Series/Report no.: Lecture Notes in Computer Science, v. 8692
Abstract: Discriminative dictionary learning aims to learn a dictionary from training samples to enhance the discriminative capability of their coding vectors. Several discrimination terms have been proposed by assessing the prediction loss (e.g., logistic regression) or class separation criterion (e.g., Fisher discrimination criterion) on the coding vectors. In this paper, we provide a new insight on discriminative dictionary learning. Specifically, we formulate the discrimination term as the weighted summation of the squared distances between all pairs of coding vectors.

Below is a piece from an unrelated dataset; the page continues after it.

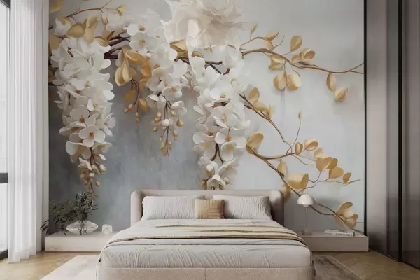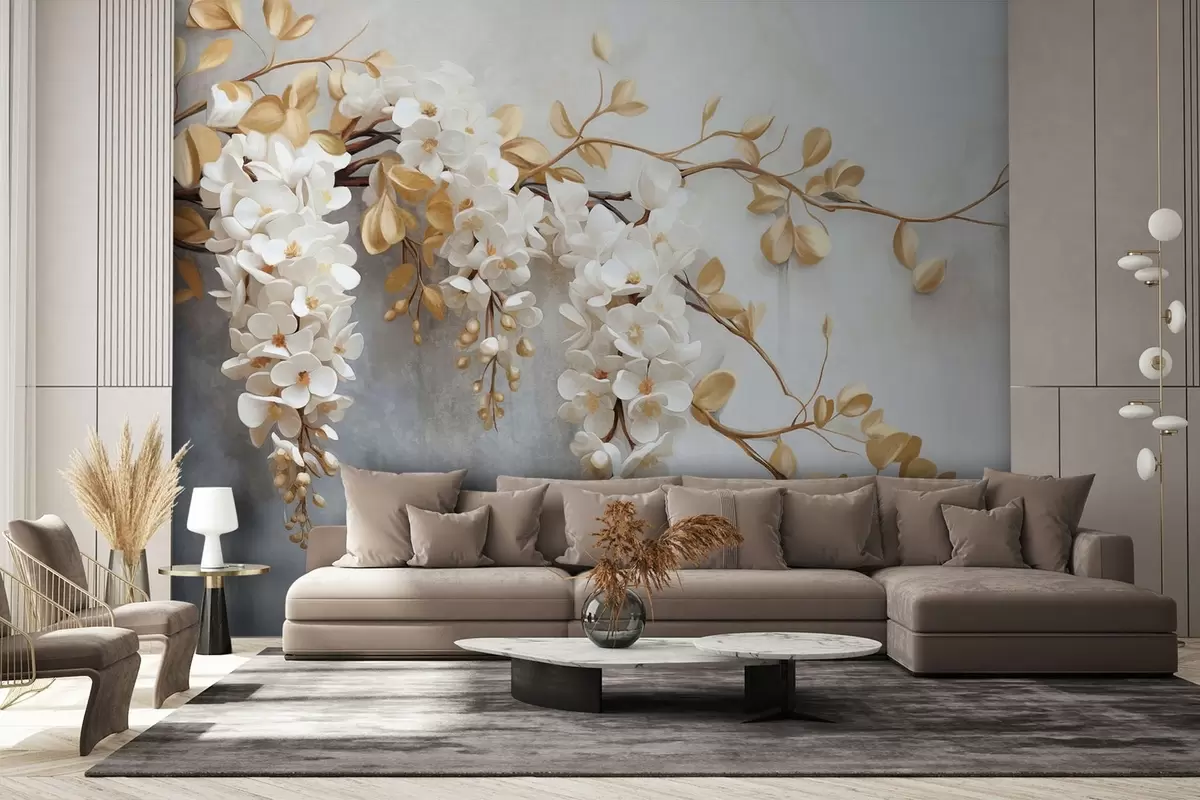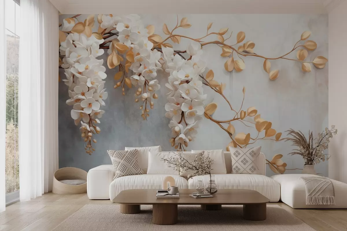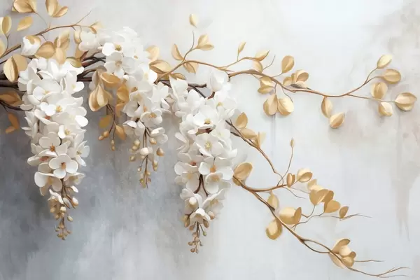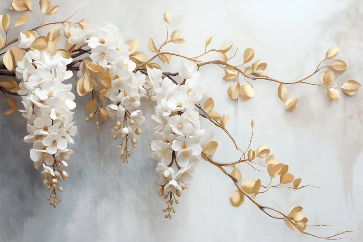 Peintures murales Fleurs de glycine blanche avec feuilles jaunes sur une branche, tombant en cascade sur un fond blanc texturé, pétales délicats Nr. w09381

The discrimination term in the state-of-the-art Fisher discrimination dictionary learning (FDDL) method can be explained as a special case of our model, where the weights are simply determined by the numbers of samples of each class. We then propose a parameterization method to adaptively determine the weight of each coding vector pair, which leads to a support vector guided dictionary learning (SVGDL) model. Compared with FDDL, SVGDL can adaptively assign different weights to different pairs of coding vectors. More importantly, SVGDL automatically selects only a few critical pairs to assign non-zero weights, resulting in better generalization ability for pattern recognition tasks. The experimental results on a series of benchmark databases show that SVGDL outperforms many state-of-the-art discriminative dictionary learning methods.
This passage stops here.